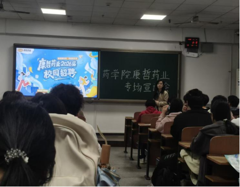 近日,康哲药业校园宣讲会在南华楼201教室成功举行。本次活动旨在搭建校企高效沟通桥梁,助力太阳成集团tyc33455cc学子明晰职业方向、把握就业及考研机遇。活动吸引了太阳成集团tyc33455cc近百名本科生及研究生到场,与企业代表围绕行业趋势、岗位需求及个人发展路径展开深度交流。
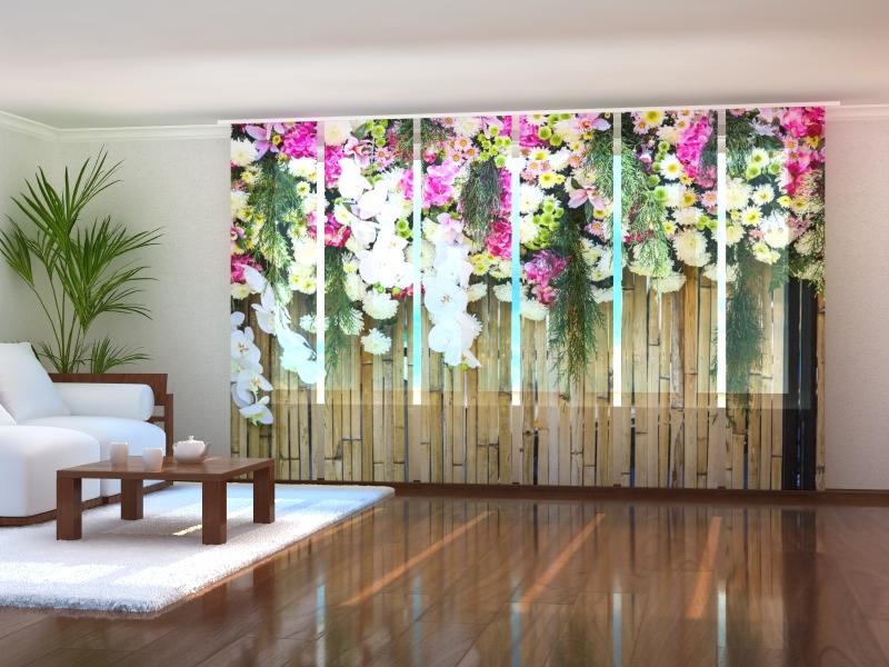 Set di 6 Tende a Pannello Fiori su Bambù
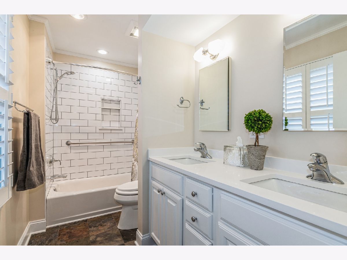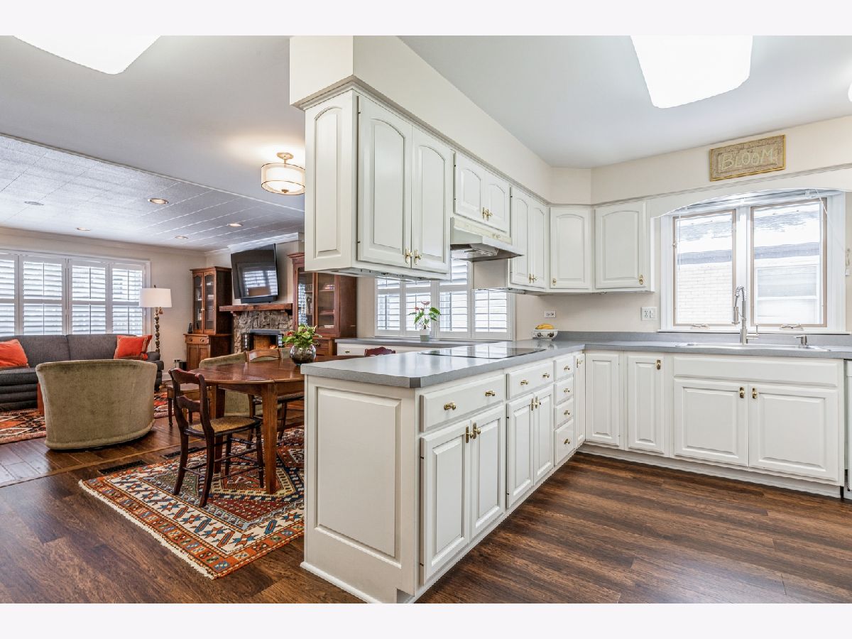 This one was worth the wait! Spectacular renovated brick ranch with a versatile floor plan for today's buyers. Prepare to be impressed from the minute you walk through the double door entry into the spacious foyer with unique hickory and slate patterned floor. Straight ahead through the arched entrance lies the living room followed by the exceptional dining room with tray and coffered ceiling and custom millwork. As you move into the family room you'll feel the warmth of the stone fireplace with antique rough sawn pine mantle. Next, you will see the breakfast room and the kitchen which are spacious and airy. The white kitchen boasts a large pantry and planning desk. For those working from home, there is an office on the main level. On the other side of the foyer is the bedroom wing. This includes a generous master suite and 3 additional large bedrooms. The newly renovated hall bath has dual sinks, tub with subway surround, and best of all, heated slate floor. The renovation also includes wide plank hickory flooring and plantation shutters. While putting in the new flooring the previous step down was eliminated. In addition, the ceiling was raised in the dining room and the master bedroom for a more spacious feel. Not to be forgotten, is a spacious mud room and laundry combo by the garage. The basement is great for entertaining with a carpeted recreation room and game room, plus phenomenal storage space including two storage rooms and a newly concreted crawl. The attention to detail make the pride of ownership show in this stunning home. Arlington Heights enjoys a fabulous downtown and great schools.

________

Exercise objective: Pictures stay out. Print the data exactly, from its first line through the line containing "Set di 6 Tende a Pannello Fiori su Bambù".

Answer to the exercise:
 近日,康哲药业校园宣讲会在南华楼201教室成功举行。本次活动旨在搭建校企高效沟通桥梁,助力太阳成集团tyc33455cc学子明晰职业方向、把握就业及考研机遇。活动吸引了太阳成集团tyc33455cc近百名本科生及研究生到场,与企业代表围绕行业趋势、岗位需求及个人发展路径展开深度交流。
 Set di 6 Tende a Pannello Fiori su Bambù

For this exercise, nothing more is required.